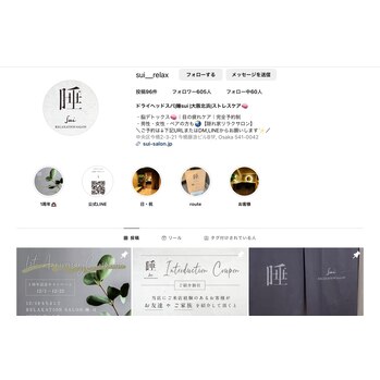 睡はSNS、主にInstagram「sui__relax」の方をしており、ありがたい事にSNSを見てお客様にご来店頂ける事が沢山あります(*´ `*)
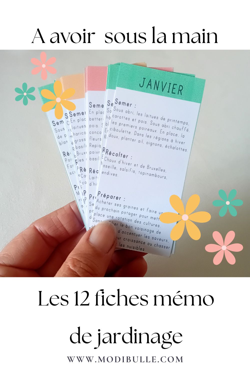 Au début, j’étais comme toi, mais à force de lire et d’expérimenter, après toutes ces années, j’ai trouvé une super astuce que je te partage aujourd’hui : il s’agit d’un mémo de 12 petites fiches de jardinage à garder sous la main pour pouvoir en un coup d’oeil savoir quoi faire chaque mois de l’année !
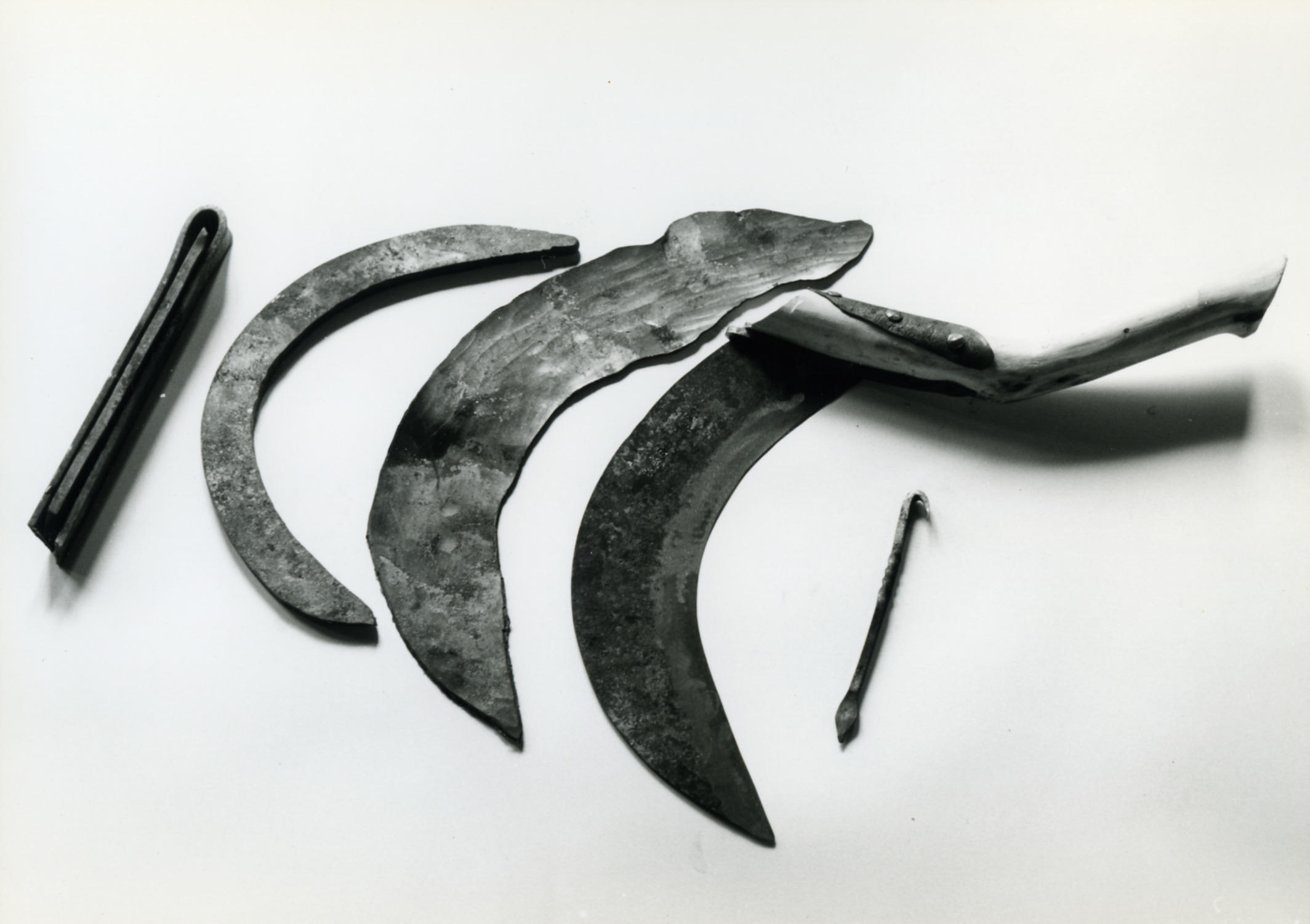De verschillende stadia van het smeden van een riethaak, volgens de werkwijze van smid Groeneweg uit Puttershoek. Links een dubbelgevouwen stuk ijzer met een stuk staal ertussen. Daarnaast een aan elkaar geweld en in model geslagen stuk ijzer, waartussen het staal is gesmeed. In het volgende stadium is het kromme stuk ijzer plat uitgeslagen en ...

::::::::

* [AIM OF THE TASK]: Hand back the data above exactly, leaving out all pictures.

* [ANSWER TO THE PROBLEM]:
 睡はSNS、主にInstagram「sui__relax」の方をしており、ありがたい事にSNSを見てお客様にご来店頂ける事が沢山あります(*´ `*)
 Au début, j’étais comme toi, mais à force de lire et d’expérimenter, après toutes ces années, j’ai trouvé une super astuce que je te partage aujourd’hui : il s’agit d’un mémo de 12 petites fiches de jardinage à garder sous la main pour pouvoir en un coup d’oeil savoir quoi faire chaque mois de l’année !
De verschillende stadia van het smeden van een riethaak, volgens de werkwijze van smid Groeneweg uit Puttershoek. Links een dubbelgevouwen stuk ijzer met een stuk staal ertussen. Daarnaast een aan elkaar geweld en in model geslagen stuk ijzer, waartussen het staal is gesmeed. In het volgende stadium is het kromme stuk ijzer plat uitgeslagen en ...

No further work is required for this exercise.